GIVEN MATERIAL:
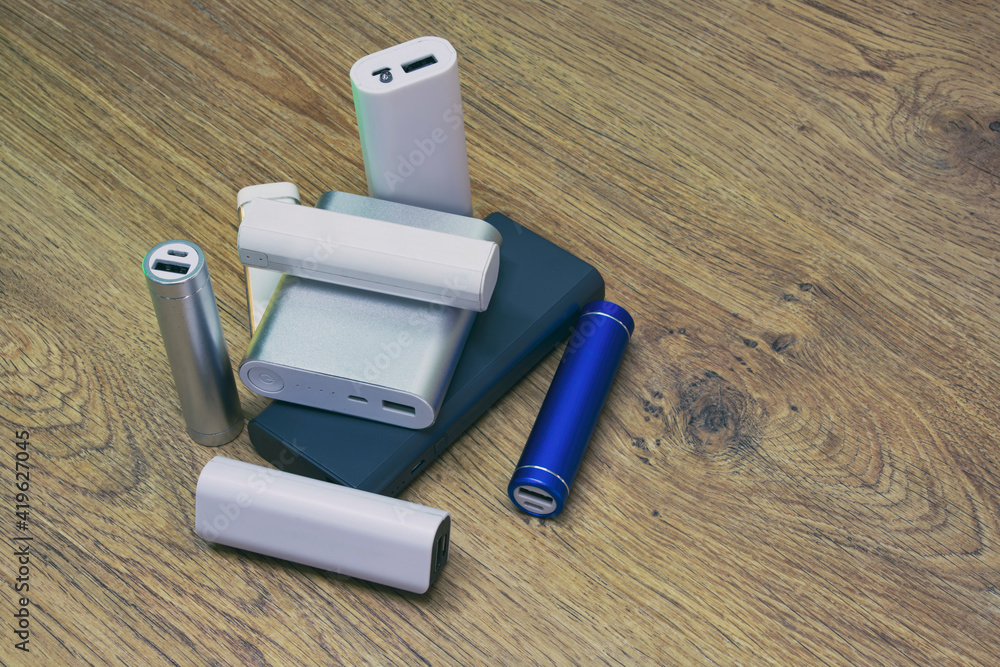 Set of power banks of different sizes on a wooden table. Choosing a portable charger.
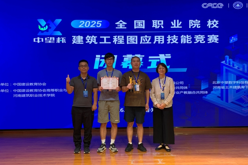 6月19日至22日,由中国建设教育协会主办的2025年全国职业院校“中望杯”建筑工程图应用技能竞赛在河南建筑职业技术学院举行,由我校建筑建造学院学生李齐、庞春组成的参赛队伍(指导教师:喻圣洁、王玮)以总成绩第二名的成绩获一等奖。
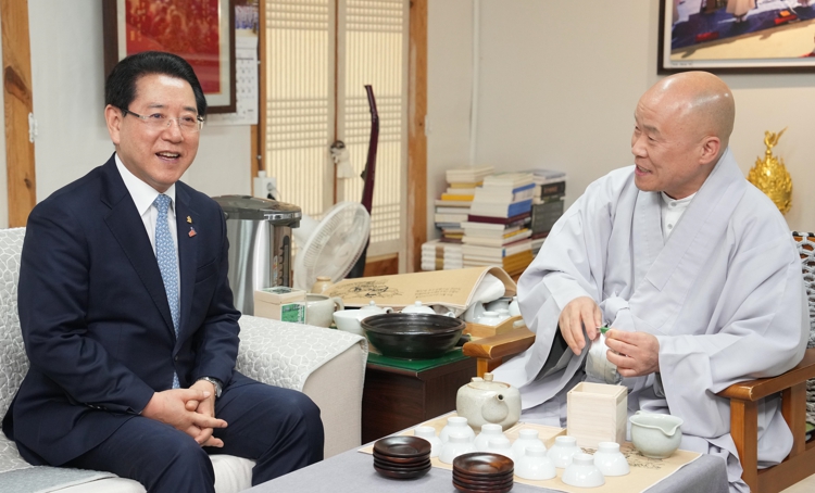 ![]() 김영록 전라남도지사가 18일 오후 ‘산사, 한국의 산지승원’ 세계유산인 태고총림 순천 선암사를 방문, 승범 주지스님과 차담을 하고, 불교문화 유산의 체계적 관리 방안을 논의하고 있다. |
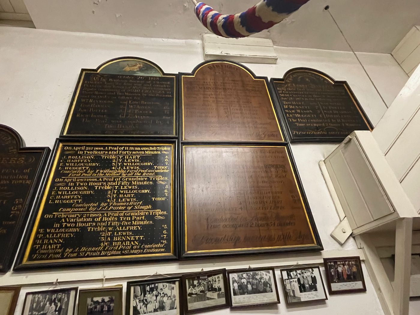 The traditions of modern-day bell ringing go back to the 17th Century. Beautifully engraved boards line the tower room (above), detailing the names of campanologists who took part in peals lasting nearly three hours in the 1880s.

WHAT NEEDS TO BE DONE: Write the material out again exactly as it appears, dropping the pictures.

SOLUTION FOR THIS TASK:
 Set of power banks of different sizes on a wooden table. Choosing a portable charger.
 6月19日至22日,由中国建设教育协会主办的2025年全国职业院校“中望杯”建筑工程图应用技能竞赛在河南建筑职业技术学院举行,由我校建筑建造学院学生李齐、庞春组成的参赛队伍(指导教师:喻圣洁、王玮)以总成绩第二名的成绩获一等奖。
 ![]() 김영록 전라남도지사가 18일 오후 ‘산사, 한국의 산지승원’ 세계유산인 태고총림 순천 선암사를 방문, 승범 주지스님과 차담을 하고, 불교문화 유산의 체계적 관리 방안을 논의하고 있다. |
 The traditions of modern-day bell ringing go back to the 17th Century. Beautifully engraved boards line the tower room (above), detailing the names of campanologists who took part in peals lasting nearly three hours in the 1880s.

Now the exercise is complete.